• _Collected material_

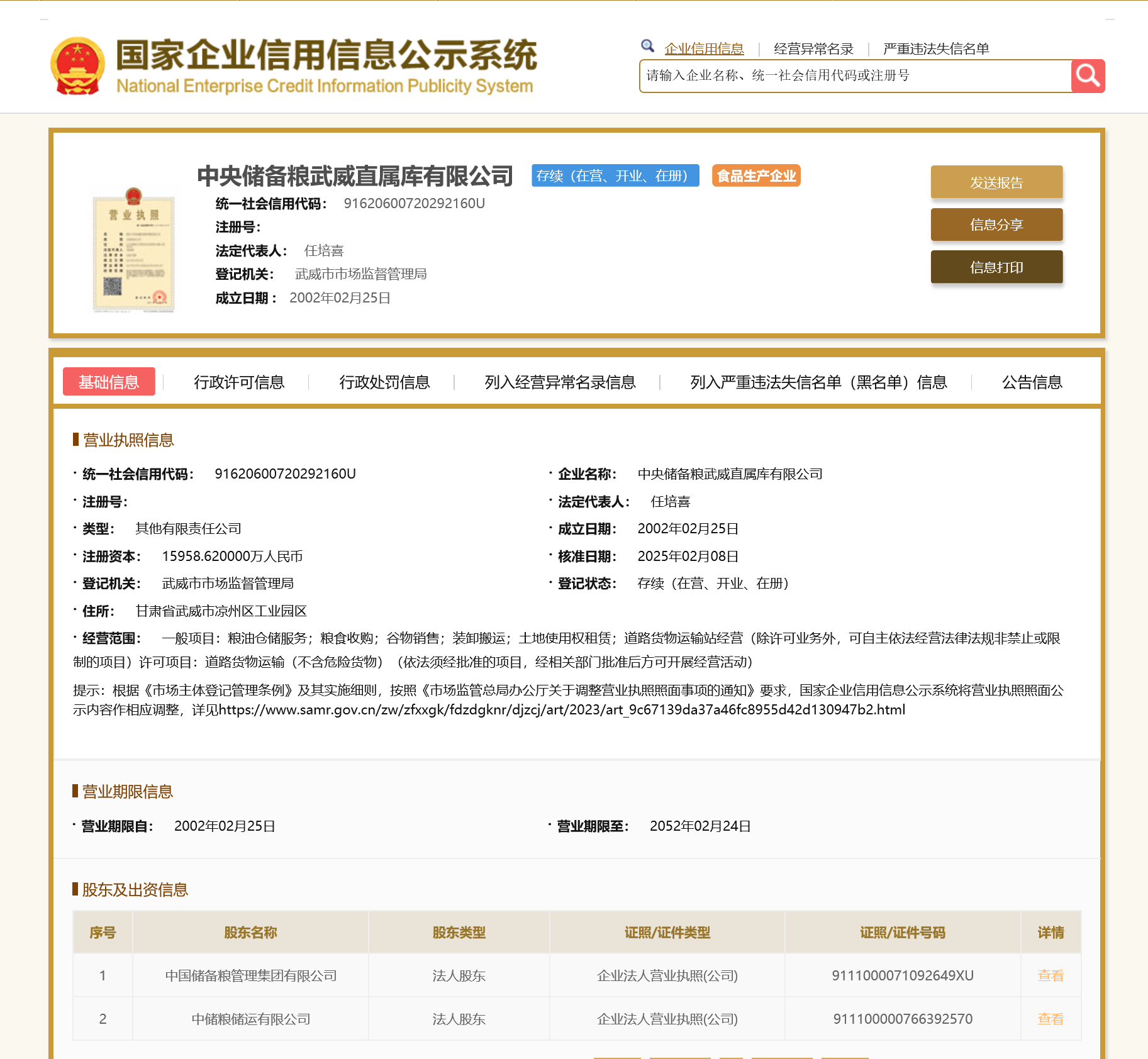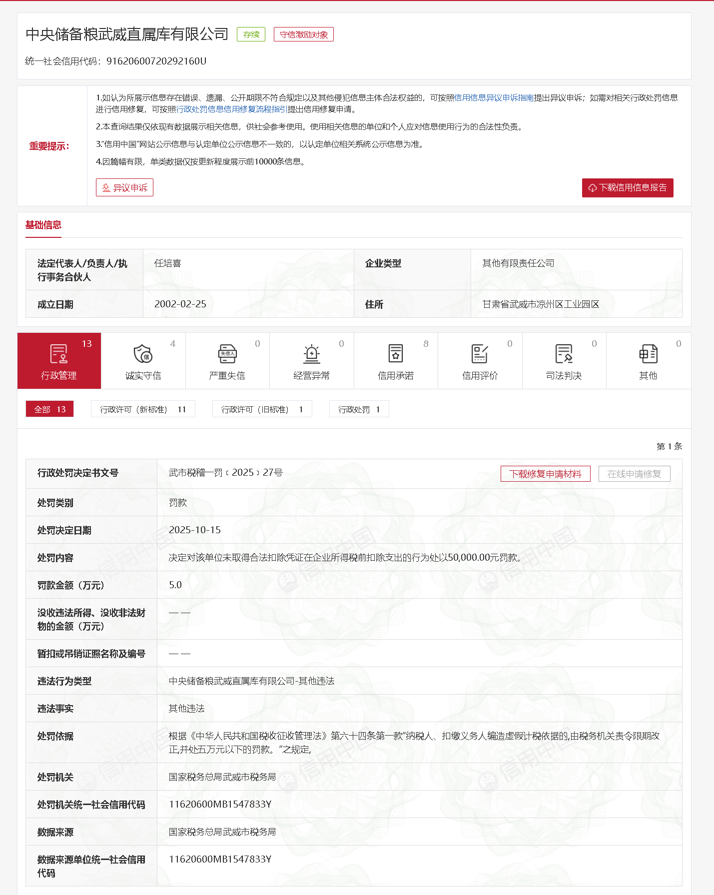 近日,齐鲁晚报·齐鲁壹点记者从信用中国获悉,中央储备粮武威直属库有限公司因未取得合法扣除凭证在企业所得税前扣除支出的行为,被国家税务总局武威市税务局罚款5万元。 公开信息显示,中央储备粮武威直属库有限公司成立于2002年2月25日,法定代表人任培喜,股东为中国储备粮管理集团有限公司和中储粮储运有限公司。 新闻热线电话:0531-85196566
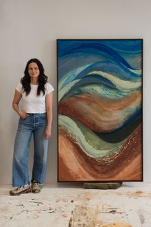 Meg Gallagher is a New Zealand-born visual artist whose work explores contemporary landscapes through layered colour palettes, organic lines, and a sustainable approach to materials. Raised in the rugged beauty of Otago, with early exposure to the arts through her father's role at the local art centre, Gallagher developed a creative voice from a young age. After graduating with First Class Honours in Fashion Design, she was named One to Watch by Vogue Italia and awarded a scholarship to study at Milan's Istituto Europeo di Design. Her career in fashion saw her take on leading roles at brands including Camilla and Marc, Insight, and Ksubi. Today, Gallagher brings her fashion background into her art practice by incorporating denim offcuts and vintage clothing into her work, transforming discarded textiles into textured, organic compositions using natural pigments, dyes, and bleach. Now based in Ōtepoti/Dunedin, her work draws deeply from nature and the landscapes that surround her. With solo exhibitions in Queenstown, Dunedin, Melbourne, Sydney, and Milan, Gallagher has developed an international following of collectors and collaborators. Her practice continues to centre on finding beauty in the overlooked and creating works that are both visually and environmentally resonant. Learn more at www.meggallagher.co.nz and www.instagram.com/meggallagher__.
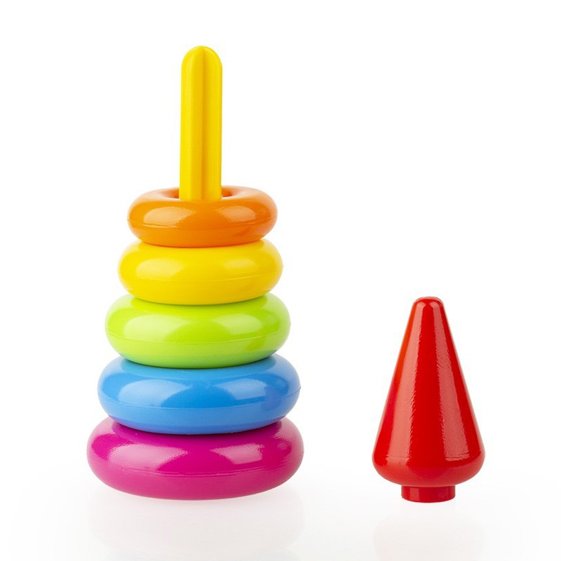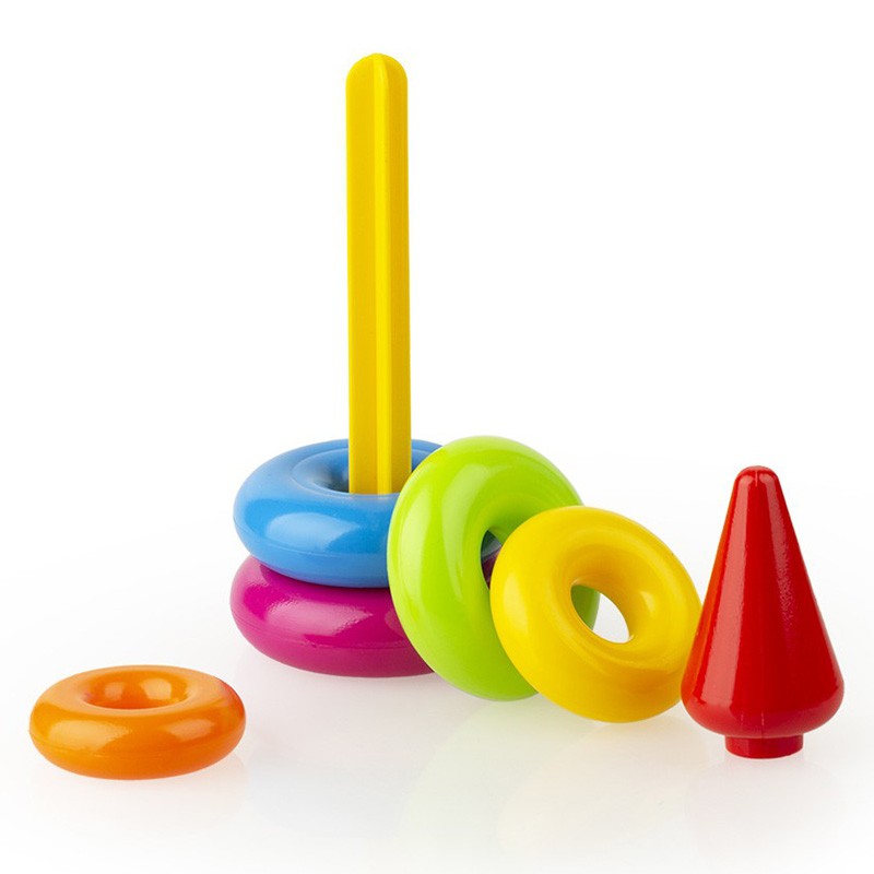 Задача малыша — собрать кольца в правильной последовательности (от самого большого до самого маленького).
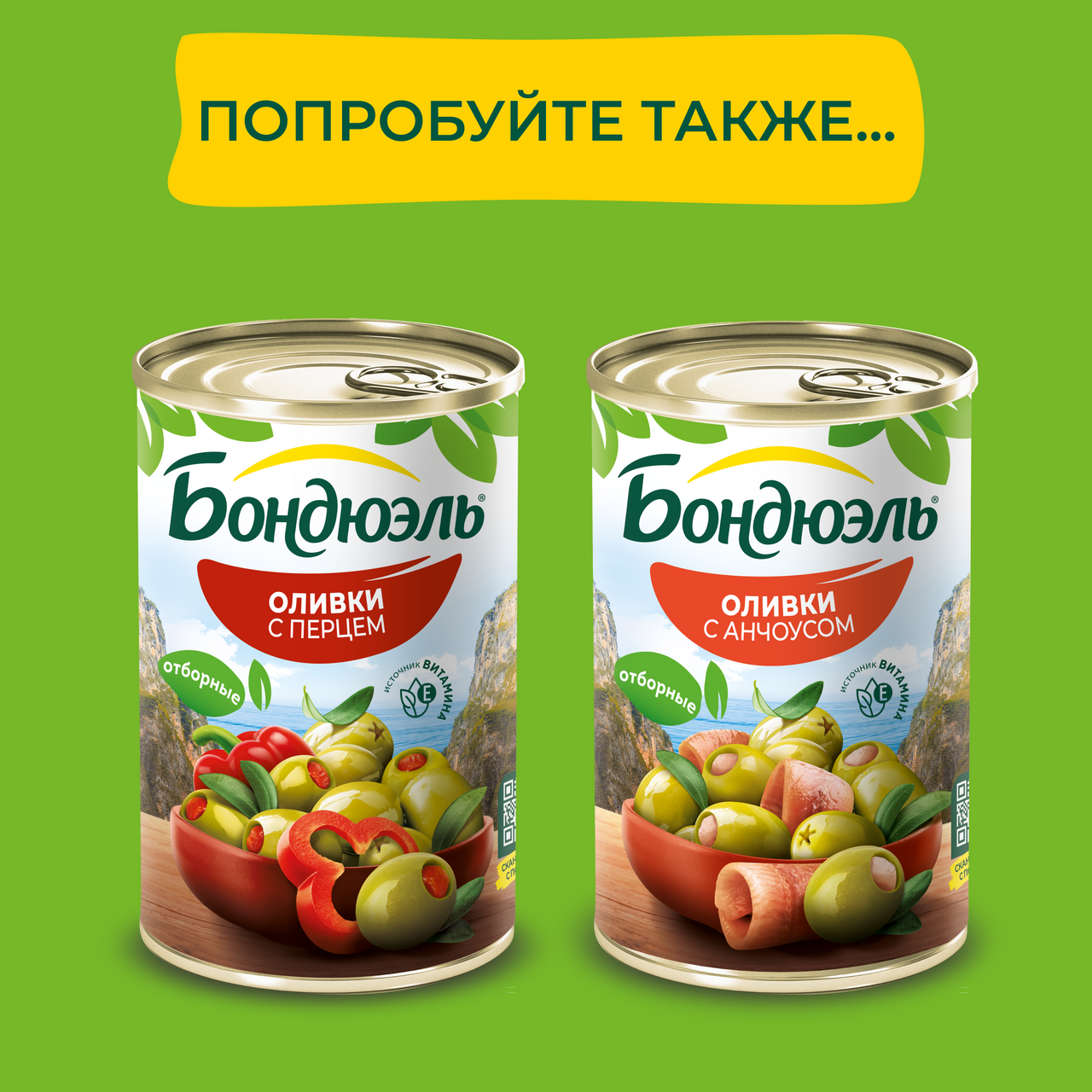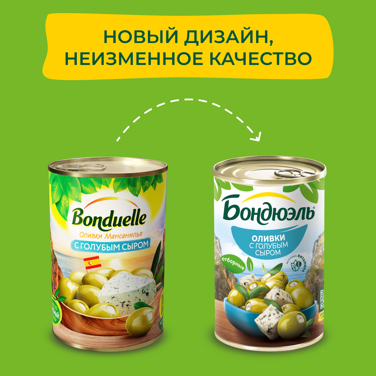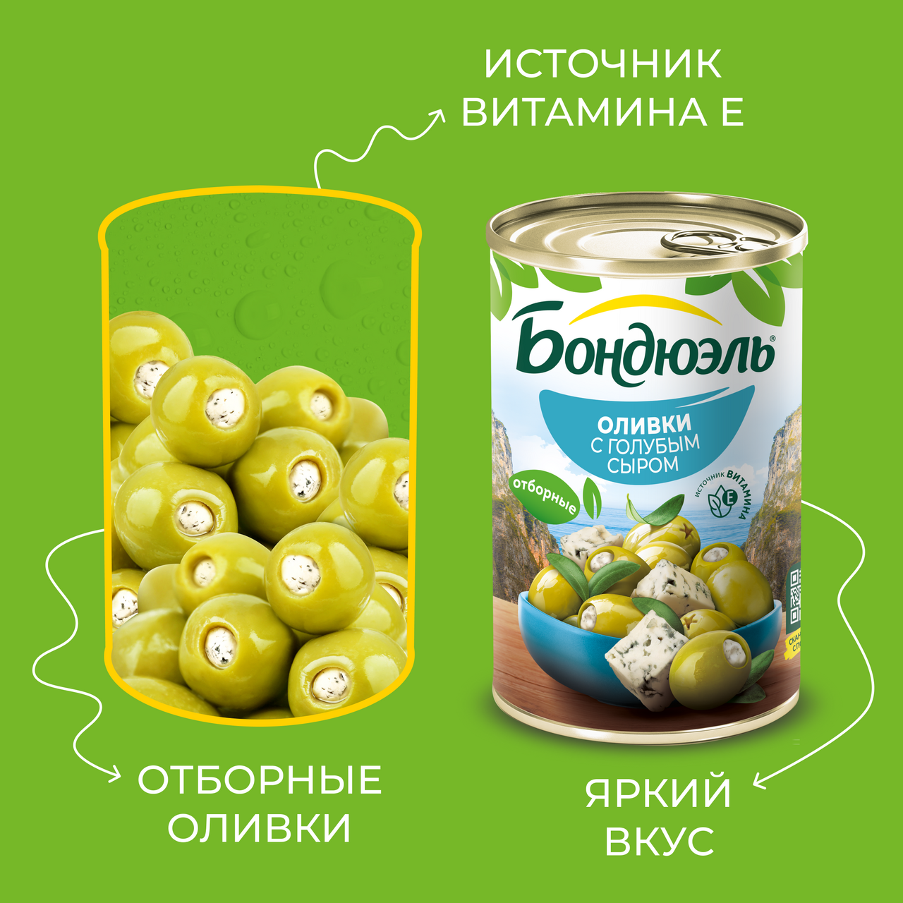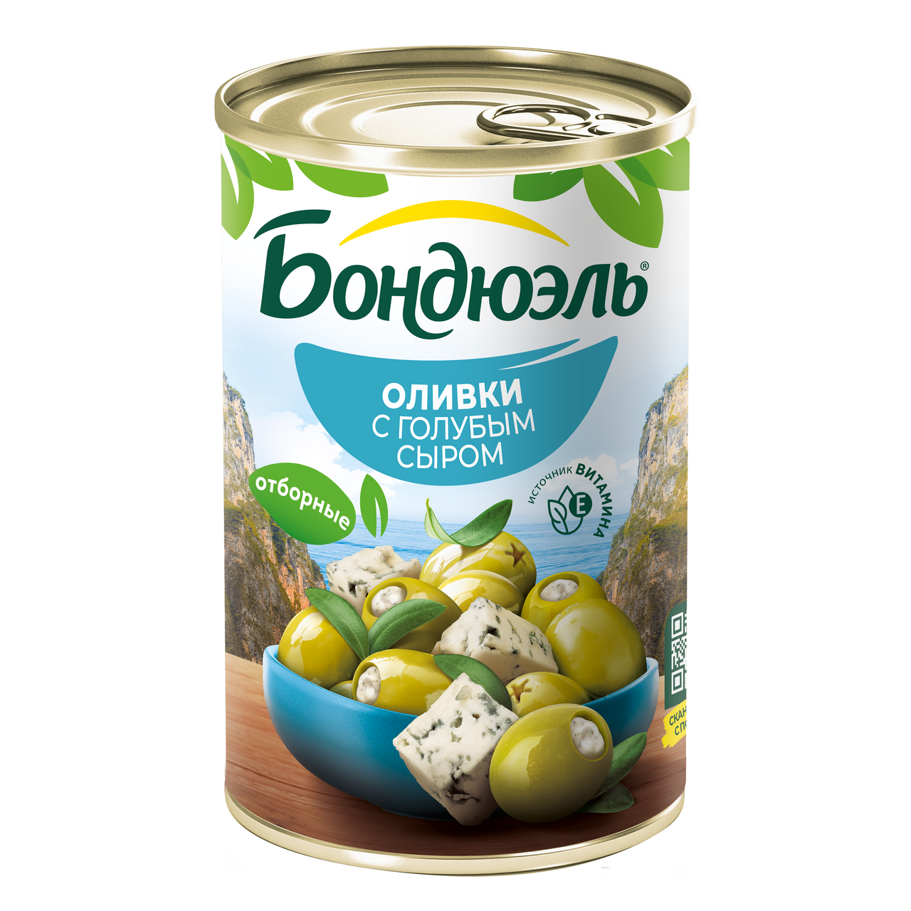 Гурманам посвящается новый продукт Бондюэль - оливки, фаршированные голубым сыром. Выращенные в испанской Андалусии, крупные, очень сочные оливки сорта Мансанилья обрели французский шарм. Слаженный дуэт представителей кулинарии разных стран прекрасен как закуска. Они станут хорошим аккомпанементом к блюдам из мяса или из птицы. Положите несколько оливок на сырную тарелку - это будет восхитительное сочетание.

• _Task description_
Beginning with the line above that contains "Meg Gallagher is" and finishing with the line that contains "Задача малыша —", print those lines exactly and only. Skip all pictures.

• _Result below_
 Meg Gallagher is a New Zealand-born visual artist whose work explores contemporary landscapes through layered colour palettes, organic lines, and a sustainable approach to materials. Raised in the rugged beauty of Otago, with early exposure to the arts through her father's role at the local art centre, Gallagher developed a creative voice from a young age. After graduating with First Class Honours in Fashion Design, she was named One to Watch by Vogue Italia and awarded a scholarship to study at Milan's Istituto Europeo di Design. Her career in fashion saw her take on leading roles at brands including Camilla and Marc, Insight, and Ksubi. Today, Gallagher brings her fashion background into her art practice by incorporating denim offcuts and vintage clothing into her work, transforming discarded textiles into textured, organic compositions using natural pigments, dyes, and bleach. Now based in Ōtepoti/Dunedin, her work draws deeply from nature and the landscapes that surround her. With solo exhibitions in Queenstown, Dunedin, Melbourne, Sydney, and Milan, Gallagher has developed an international following of collectors and collaborators. Her practice continues to centre on finding beauty in the overlooked and creating works that are both visually and environmentally resonant. Learn more at www.meggallagher.co.nz and www.instagram.com/meggallagher__.
 Задача малыша — собрать кольца в правильной последовательности (от самого большого до самого маленького).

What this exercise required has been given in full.